The parent company of Facebook and Instagram has reportedly ranked thousands of employees as “subpar” in a recent wave of performance reviews. And that’s raising fears among workers that more belt-tightening is on the way.
Those concerns come after CEO and founder Mark Zuckerberg declared 2023 a “year of efficiency” at the company on an earnings call at the beginning of February. Meta also did away with a bonus metric, the Wall Street Journal reports.
Managers gave about 10% of the company’s workers poor reviews. It is, in some ways, a return to Meta’s pre-pandemic review process, where Zuckerberg was said to be less than gentle with his assessments of workers.

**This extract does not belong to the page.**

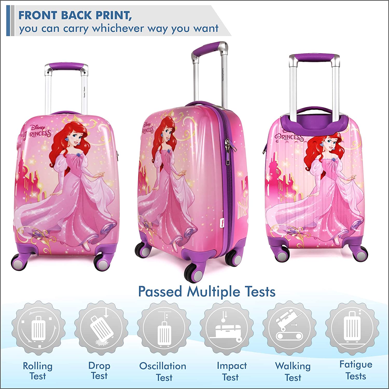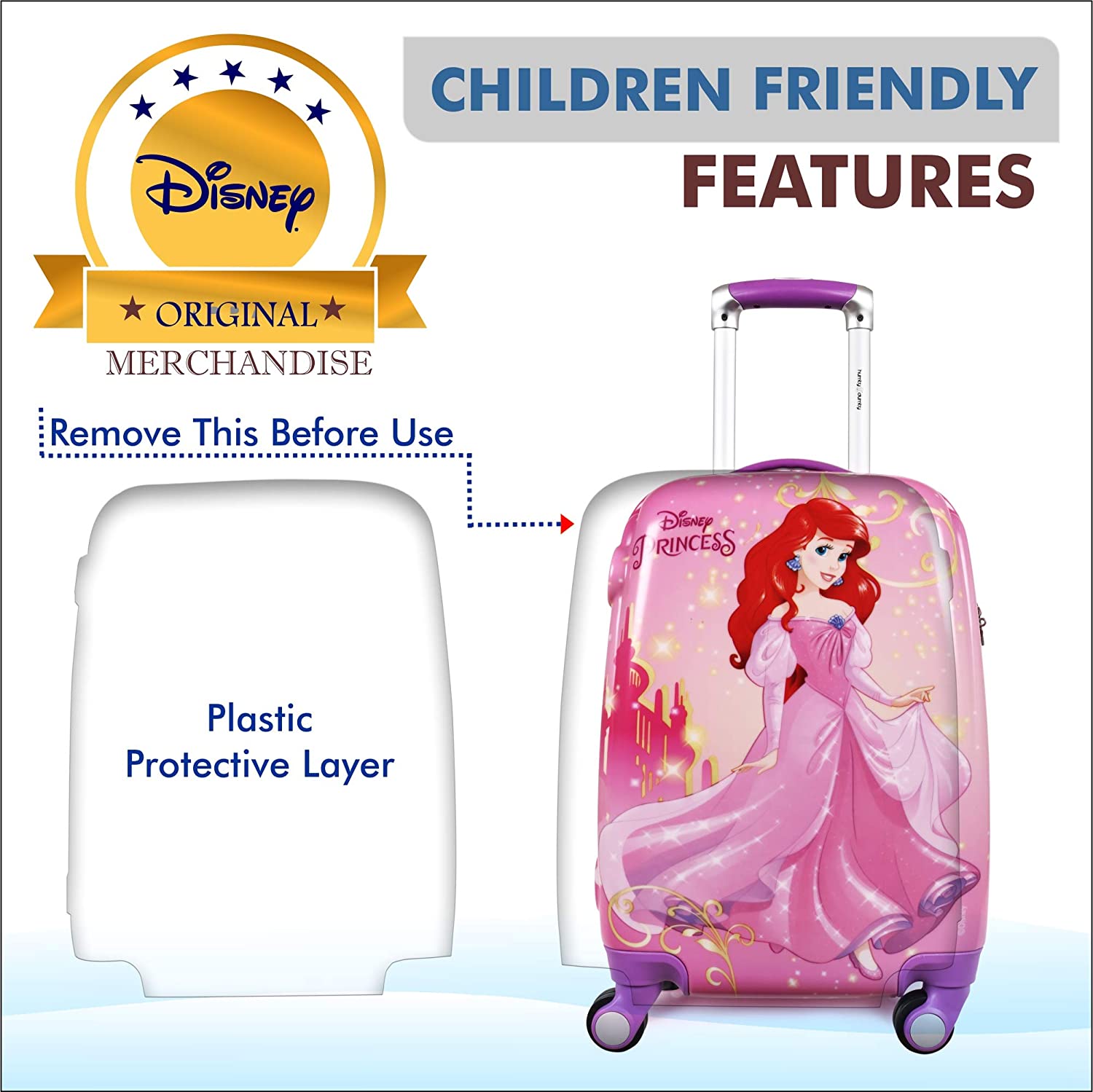DISNEY LICENSE: Officially Licenses Cartoon Characters: officially licensed kids luggage. They feature graphics and durability in used materials that make it the perfect gift to kids.

The threat of additional layoffs comes just days after the company delayed finalizing budgets. Zuckerberg, in a Facebook post earlier this month, wrote “We’re working on flattening our org structure and removing some layers of middle management to make decisions faster, as well as deploying AI tools to help our engineers be more productive. As part of this, we’re going to be more proactive about cutting projects that aren’t performing or may no longer be as crucial.”
Seemingly safe from the cuts is Meta’s metaverse division. While Horizon Worlds has failed to engage users, including some who work at the company, and the Reality Labs division was responsible for $13.7 billion in losses last year, Zuckerberg remains committed to it.
Other divisions do not seem to have that protected status.
“We closed last year with some difficult layoffs and restructuring some teams.,” Zuckerberg said in his post. “When we did this, I said clearly that this was the beginning of our focus on efficiency and not the end.”